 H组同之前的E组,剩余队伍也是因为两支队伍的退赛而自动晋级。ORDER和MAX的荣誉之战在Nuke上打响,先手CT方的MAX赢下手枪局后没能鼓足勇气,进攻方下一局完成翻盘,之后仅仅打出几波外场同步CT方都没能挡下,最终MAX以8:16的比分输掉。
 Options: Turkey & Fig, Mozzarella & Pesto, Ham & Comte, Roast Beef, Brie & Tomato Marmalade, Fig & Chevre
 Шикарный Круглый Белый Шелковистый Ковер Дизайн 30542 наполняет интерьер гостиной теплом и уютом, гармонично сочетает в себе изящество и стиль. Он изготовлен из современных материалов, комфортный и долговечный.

--------------------------------

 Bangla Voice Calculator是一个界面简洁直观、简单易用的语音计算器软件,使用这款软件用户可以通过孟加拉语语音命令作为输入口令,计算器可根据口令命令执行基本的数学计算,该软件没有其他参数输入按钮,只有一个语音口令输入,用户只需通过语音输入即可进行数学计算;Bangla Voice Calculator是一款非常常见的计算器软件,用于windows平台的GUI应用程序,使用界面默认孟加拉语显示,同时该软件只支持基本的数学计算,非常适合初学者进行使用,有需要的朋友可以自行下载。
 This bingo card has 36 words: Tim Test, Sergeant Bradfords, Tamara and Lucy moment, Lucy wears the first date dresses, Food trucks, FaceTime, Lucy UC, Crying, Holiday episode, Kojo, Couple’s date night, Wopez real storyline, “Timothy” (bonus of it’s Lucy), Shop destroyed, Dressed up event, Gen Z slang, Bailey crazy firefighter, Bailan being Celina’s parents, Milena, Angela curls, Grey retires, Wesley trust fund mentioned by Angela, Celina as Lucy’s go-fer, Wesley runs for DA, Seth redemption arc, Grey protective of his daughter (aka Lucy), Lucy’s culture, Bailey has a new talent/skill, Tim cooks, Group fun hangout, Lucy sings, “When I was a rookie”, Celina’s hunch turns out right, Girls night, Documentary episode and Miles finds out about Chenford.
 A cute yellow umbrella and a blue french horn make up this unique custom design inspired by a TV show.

--------------------------------

What you should do -> Write out, from the lines above, only those from the line with "H组同之前的E组,剩余队伍也" to the line with "Шикарный Круглый Белый", exactly as given, including the first and the last.

Solved exercise ->
 H组同之前的E组,剩余队伍也是因为两支队伍的退赛而自动晋级。ORDER和MAX的荣誉之战在Nuke上打响,先手CT方的MAX赢下手枪局后没能鼓足勇气,进攻方下一局完成翻盘,之后仅仅打出几波外场同步CT方都没能挡下,最终MAX以8:16的比分输掉。
 Options: Turkey & Fig, Mozzarella & Pesto, Ham & Comte, Roast Beef, Brie & Tomato Marmalade, Fig & Chevre
 Шикарный Круглый Белый Шелковистый Ковер Дизайн 30542 наполняет интерьер гостиной теплом и уютом, гармонично сочетает в себе изящество и стиль. Он изготовлен из современных материалов, комфортный и долговечный.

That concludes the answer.